In a recent dispatch for The Spectator, Matthew Parris - South African-British columnist and former Conservative member of the British Parliament - treats us to an account of “What you learn standing on a street corner in Beirut”.
The corner in question is located on Rue Qobaiyat in the trendy Mar Mikhael neighbourhood, which Parris incorrectly identifies as Beirut’s “Armenian quarter”. So much for learning things.
Our traveller has turned up there in search of a haircut at a barbershop that never opens. The wait enables him to catapult himself into the role of spontaneous sociocultural analyst, first with the finding that “strangers glance sharply at each other in Beirut”.

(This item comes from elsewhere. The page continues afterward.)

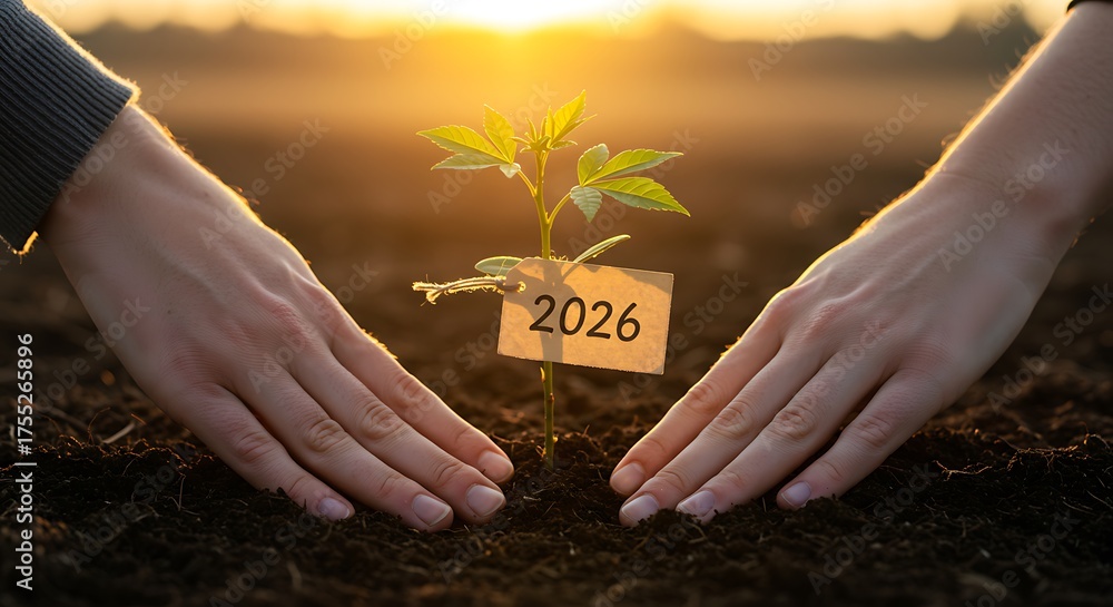 New Beginnings Concept – Hands Nurturing a 2026 Sapling at Sunrise #1755265896

Of course, any half-decent Orientalist knows to present his observations re: the “Other” in Western-centric terms - hence, for example, the nineteenth-century discovery by Frenchman Gerard de Nerval, a prominent character in Edward Said’s Orientalism, that the head ornaments of Druze and Maronite women in Beirut made them “look like the fabulous unicorns which support the royal arms of England”.
Parris, for his part, situates his study of Lebanese ocular movements within a recollection of his own attendance at Margaret Thatcher’s funeral, where “the Queen’s eyes darted, birdlike and alert, to left and right, taking things in”. He continues: “So do the Lebanese.”